Samuel Cate Prescott:—Pioneer Food Technologist—Gifted Teacher—-Poet, Humanist—Mr. Mit—Friend to Many

1981 
Publisher Summary This chapter discusses the life of Samuel Cate Prescott, which spans an era from that when the term “microbe” was first used by Sedillot in 1878 to that beyond the discovery of DNA in 1953. Samuel Cate Prescott was born of an old New England family in the rural village of South Hampton, New Hampshire, on April 15, 1872. Dr. Prescott attended the Massachusetts Institute of Technology (MIT) from 1890 to 1894, obtaining his Bachelor's of Science degree in chemistry in 1894. Immediately after graduation from MIT, Dr. Prescott became bacteriologist and assistant chemist at the Sewage Purification Works of the City of Worcester, Massachusetts, for five months. In 1917, prior to America's entry into World War I, Dr. Prescott entered the military service as a major in the Sanitary Corps of the U. S. Army, where he was the in charge of research and dehydration of food and was an inspector of quartermaster stores in large training camps.
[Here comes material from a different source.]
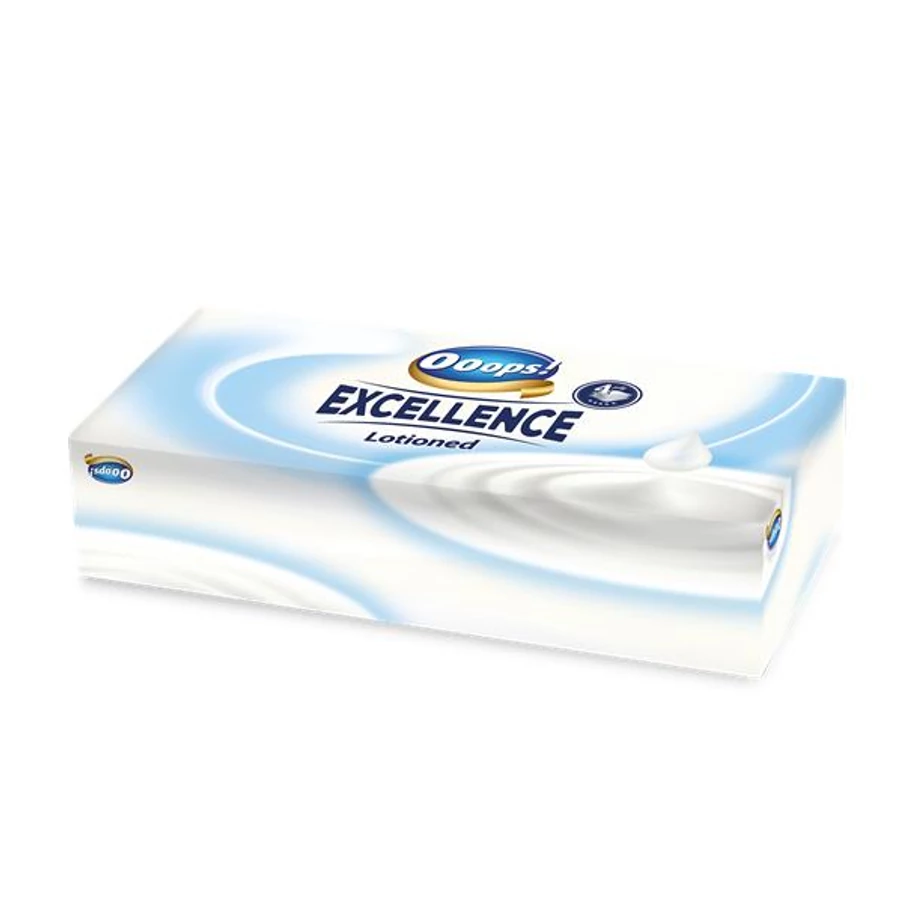 Papír zsebkendő, dobozos, 4 rétegű, 80 db, OOOPS "Excellence Lotioned"

Dr. Prescott's work on refrigeration as a method of food preservation is indicative of the catholicity of his interests as a scientist and technologist. Dr. Prescott, more than any other individual was probably responsible for the first two Food Technology Conferences at MIT in 1937 and 1940, which were the basis for the foundation of the Institute of Food Technologists (IFT). In addition to the two highly prized awards of the Institute of Food Technologists, Dr. Prescott received two honorary doctorates. Dr. Prescott became the head of the Department of Biology at MIT in 1922 after Sedgwick passed away.